Brilliant! My company had a short spell in the very early 90's where we dabbled in 3D product visualization for clients with 3D Studio on DOS. At the time we were writing add-ons and engineering tools for Autodesk products and exploring other fields we could use our talents. While it never went that far for us commercially I still love to follow how the 3D modeling world has transformed since then. From 2-3 hour renders to 60 FPS today on MUCH more complex models... demos like this still get me excited.
Following the details link on youtube yields what wtracy found. Looking around the site, I managed to dig this [0] up, which, judging by the filename, will be used in their Siggraph talk. Unfortunately, it is still very brief and doesn't expand much on the preview. Here's [1] the paper that it references, which does give more detail about voxel rendering.

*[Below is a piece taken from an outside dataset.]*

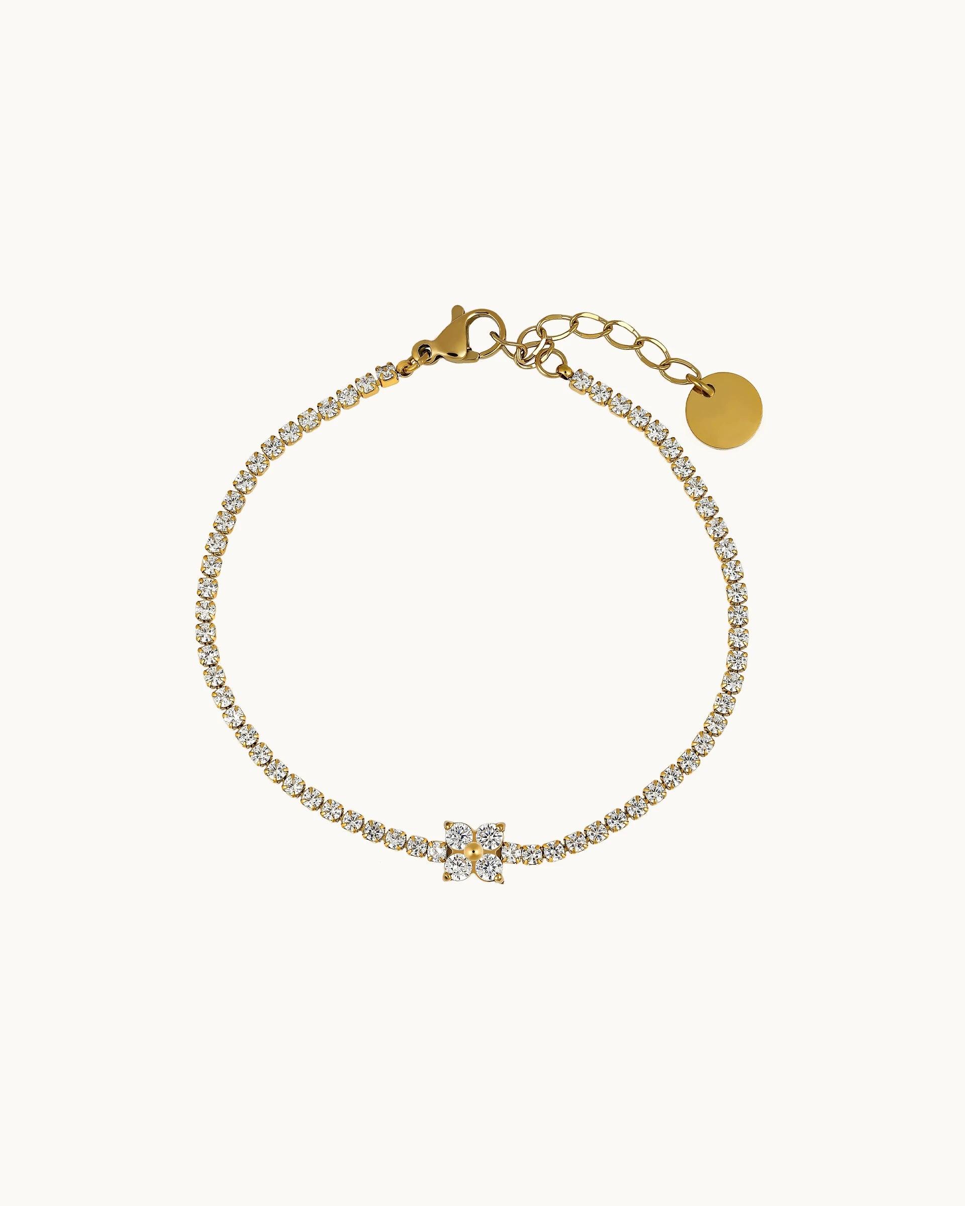A refined and radiant design, this bracelet showcases a continuous row of sparkling cubic zirconia, centred with a petite floral cluster for added brilliance. The symmetrical arrangement creates a timeless tennis silhouette with subtle decorative detail.
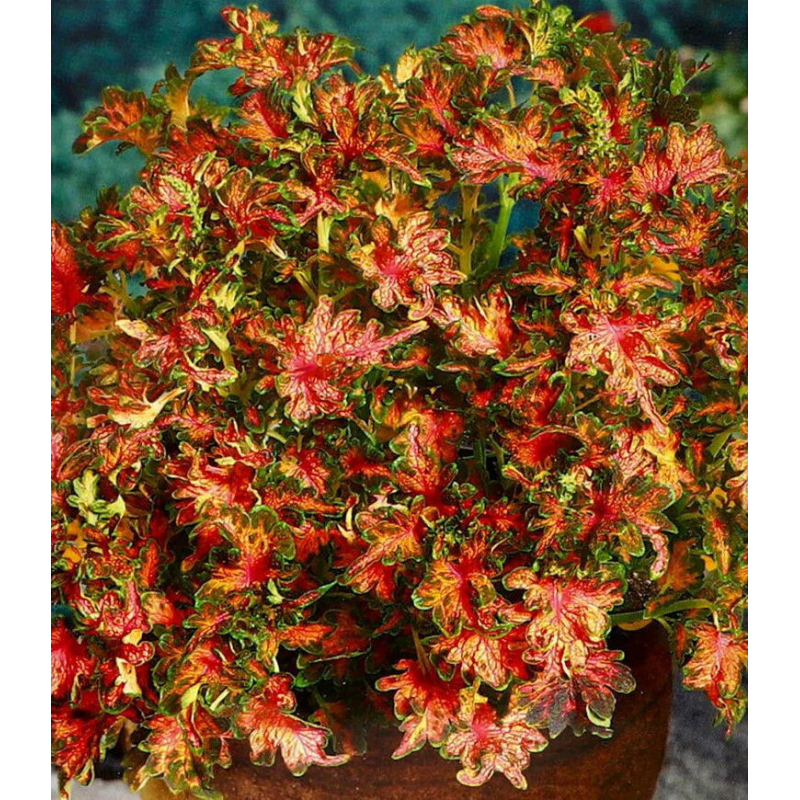 Невероятно красивый и экзотический гибрид чешской селекции. Яркие многоцветные ажурно-кудрявые листья очень привлекательно смотрятся весь сезон. Кустики ветвистые, высотой* 40-50 см. При выращивании на солнце они более компактные, в небольшом затенении – более раскидистые. Растения украсят клумбы, садовые контейнеры и цветники до первых заморозков. В открытом грунте выращивают как однолетник, в комнатных условиях выращивают как многолетник. Для продления декоративности рекомендуется удалять цветоносы. *Высота растений зависит от условий выращивания.

Though I haven't looked very much into the techniques in voxel rendering, it seems animation, to this point, has been only a theoretical possibility and a huge setback. That Crassin et al. can achieve a reasonable framerate on such complex scenes struck me as a very big achievement. We'll probably have to wait a few more months for more details, though.
The information given is so utterly vague that I could be completely wrong, but: As far as I can tell, all their geometry is still polygon based. (I saw a few references to polygon counts in the video.) I believe that it is the lighting that is volumetric.
If I understand correctly, they use both in parallel: low resolution, animated voxels for the light map, and high resolution, detailed rasterized polygons for the final rendering pass.